Hopewell, AL Tornado, Apr 1903
Hamlet of Hopewell in Alabama Is Entirely Wiped Out by Storm.
TWELVE PERSONS DEAD AND MANY ARE INJURED
It Is Believed That Several of Those Injured Will Die - Storm Swooped on the Hamlet Without a Moment's Warning.
Birmingham, Ala., April 8. - Without a word of warning the little hamlet of Hopewell, 40 miles north of this city, and 1 mile from Hanceville, was swept away early this morning by a cyclone which cut a path of desolation a mile wide and 2 miles long across a prosperous farming section of Blount county. Twelve persons were instantly killed, three or four fatally injured and a score of others seriously hurt.

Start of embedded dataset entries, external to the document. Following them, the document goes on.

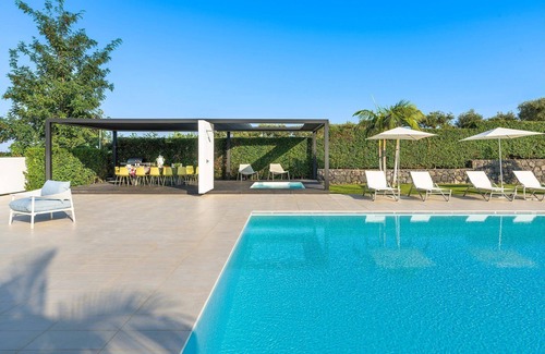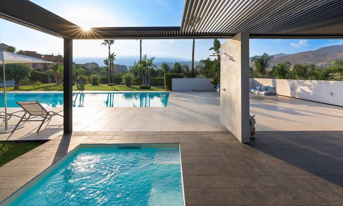 Villa Inga is a luxury property with private pool located near Taormina. This newly built villa is immersed in a beautiful garden with lawn and boasts wide terraces, a large swimming pool (m 8 x 21) and a Jacuzzi. It consists of a main house that develops on two levels, plus an annex. The villa is characterized by contemporary, cozy interiors with large glass doors opening onto the garden and the surrounding landscape.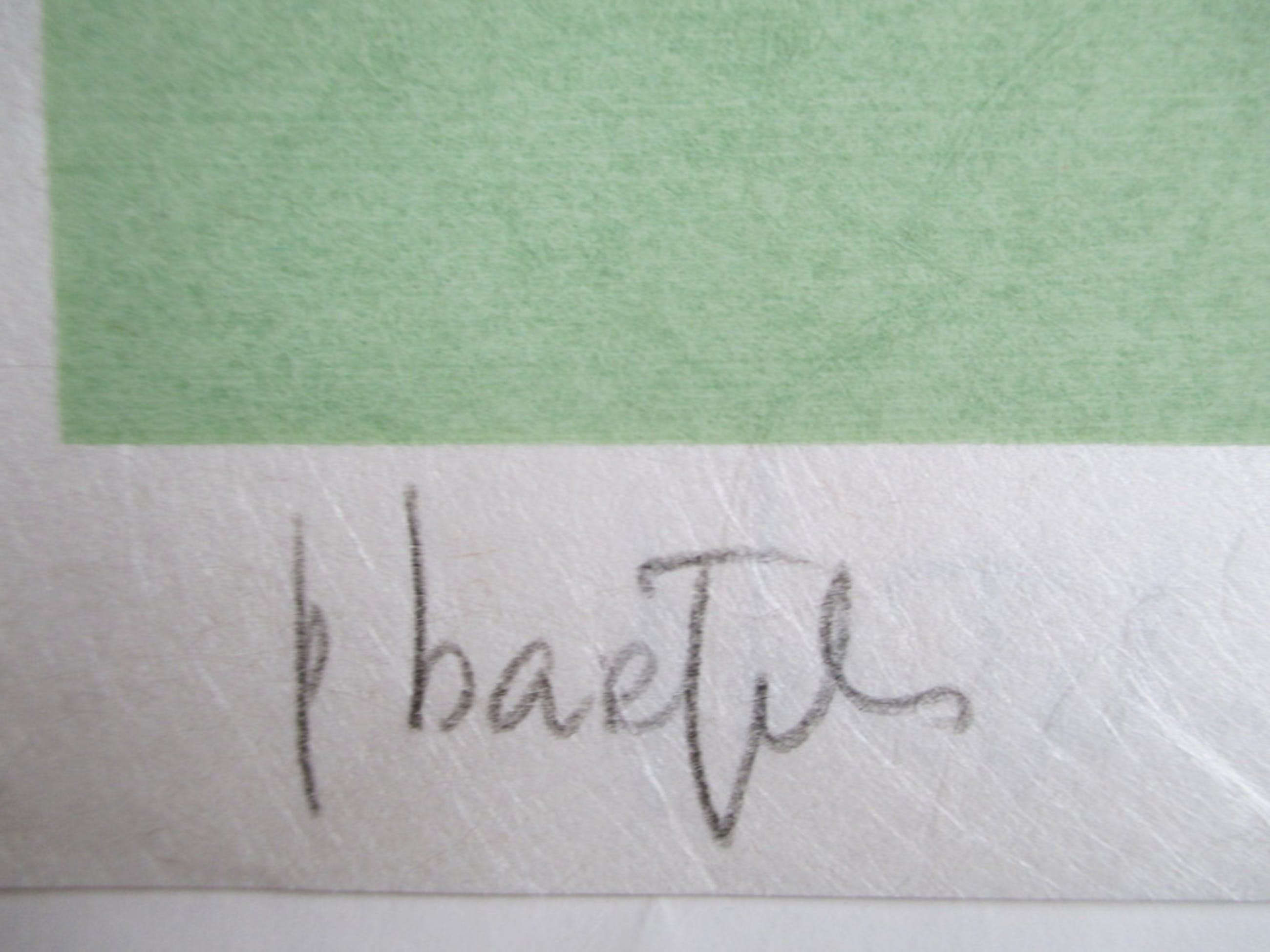 Map met drie zeefdrukken van Paul Bartels (1942-) uit 1987 getiteld "Stiertjes of de zonen van St. Lukas". Allen gesigneerd in potlood en genummerd 59/60. Het papier is een soort dun rijstachtig papier met vezels, zie de detailfoto's. In perfecte staat, alleen op de derde zitten vlekjes linksboven in de marge, zie foto 6.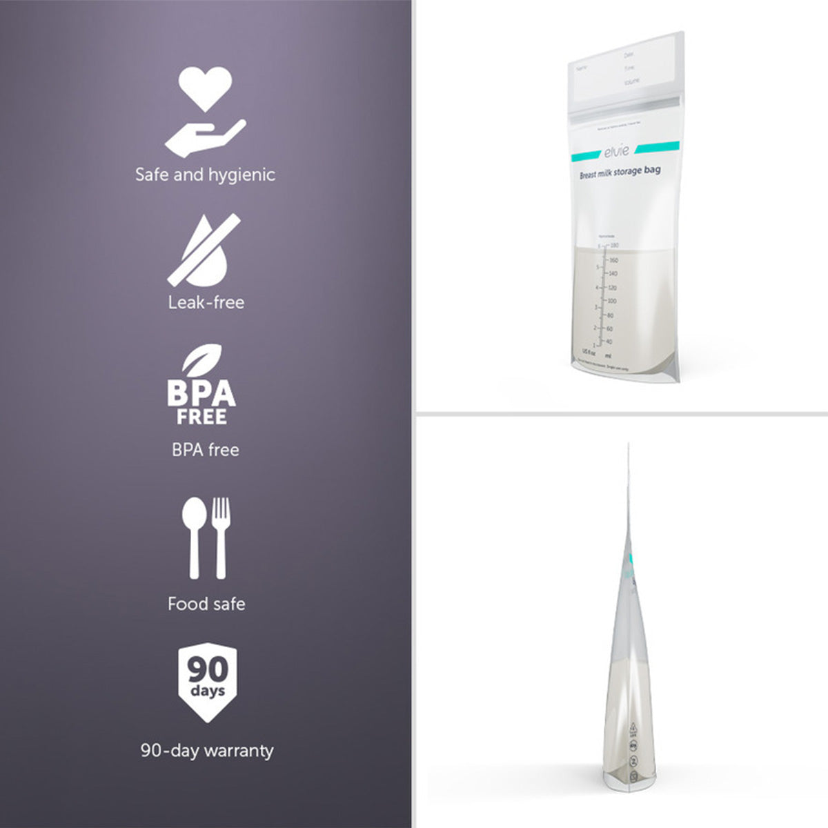 Försteriliserade Inga skadliga ämnen. Elvie Mjölkpåsar är fria från BPA och BPS och ger säker och hygienisk förvaring så att ditt “flytande guld” håller sig i bästa skick.

MR. and MRS. MASON GRIFFIN.
MISS BIRDIE McCOY.
C. C. ODEN, prominent planter.
MISS NORMA ODEN.
MISS THELMA ODEN.
MRS. C. C. ODEN.
Son and niece of Nathan Griffin.
Mrs. Henry McCoy and two children.
R. G. Quick.
Family of John McCoy, seven persons.
Mrs. Hollestine Horton.
Miss Inez Horton.
It is believed several of the injured will die.
The storm came from the southwest and traversed its destructive path in a northeasterly direction, tearing every thing in its way. The section through which it went is flat, on an elevated tableland in the hilly section of Blount county. There was not the slightest intimation of its approach until the houses were being torn to pieces.
Killed in a Twinkling.
One of the first houses visited was that of Nathan Griffin. The house was demolished and Mr. Griffin and his own son, James were killed in the twinkling of an eye. Mrs. Griffin was so badly injured that she died at an early hour this morning. The son and niece of Mr. Griffin made a miraculous escape, running from the house before the demolition was complete, and saving their lives. They were injured but will recover.
The remains of the Griffin famiy [sic] were carried this morning to the residence of H. A. Henderson, the nearest settlement.
The house of John McCoy was next wrecked, but he and his family escaped with severe bruises. The house was absolutely destroyed and the inmates cannot account for their escape. The timbers flew above and around them, but none of them were struck.
The home of Mr. Henry McCoy, son of Mr. John McCoy, received the worst impact of the storm. His wife was severely injured; two of his children are still unconscious and may die, and he and his babe and two other children were dead this morning.
Dead Father Clasped Baby.
He was still clasping his baby in his arms when his body was found close to the house. Evidently he had made an effort to get out of the house, carrying the children with him. The bodies are terribly disfigured, where flying planks struck them.
The storm then took an easterly direction and struck the house of Mr. C. C. Oden. The trees in the yard were twisted into gnarled shapes and even the vegetables in the garden were torn form their sockets in the earth. Mr. Oden was killed outright and so were his three daughters, 15, 12 and 9 years respectively. Mrs. Oden received injuries from which she died later on.
The home of Mrs. Henry Wharton was next attacked by the storm, and it was wrecked but Mrs. Wharton was not badly injured.
Then came the home of R. G. Quick. It went into smithereens and he and his two children were injured and a mule killed, but there were no fatalities here.
The Atlanta Constitution, Atlanta, GA 9 Apr 1903
THREE DEATHS ADDED TO LIST
More Victims for Alabama Cyclone.
Two Children Die at Hanceville - Were Not Expected to Die.
Hanceville, Ala., April 9. - Two more deaths resulted today from the cyclone which swept the country west of here Wednesday morning about 2 o'clock.
They are ISABELLE McCOY, aged 6, and EFFIE McCOY, who was not considered one of the seriously injured. The former died early this morning and the latter about noon. The funerals were conducted from the Hopewell church and the family members were all buried in the same grave. Two other members of the same family are also expected to die.
The funeral services over the remains of the Odens was also conducted this morning. One of the Oden children, it is thought, will also die, being injured internally.
Reports of the damage of the storm across the river reached here today. The storm jumped to Summit, Ala., which is in the northern corner of Blount county, where several persons were severly injured and a dozen houses and barns destroyed.
The Atlanta Constitution, Atlanta, GA 10 Apr 1903
PATH OF DESOLATION.
Twelve Killed and Score Injured by the Tornado In Alabama.
Birmingham, Ala., April 9. - Without a word of warning the little hamlet of Hopewell, 40 miles north of this city, was swept away by a cyclone, which cut a path of desolation a mile wide and two miles across a prosperous farming section of Blunt [sic] county. Twelve persons were instantly killed, three or four fatally and a score seriously injured. It is believed that several injured will die. The storm tore everything in its way. There was not the slightest intimation of its approach until the houses were being torn to pieces.
The home of Henry McCoy, son of John McCoy, received the worst impact of the storm. His wife was severely injured, two of his children are still unconscious and two other children are dead. He was still clasping his baby in his arms when his body was found close to the house.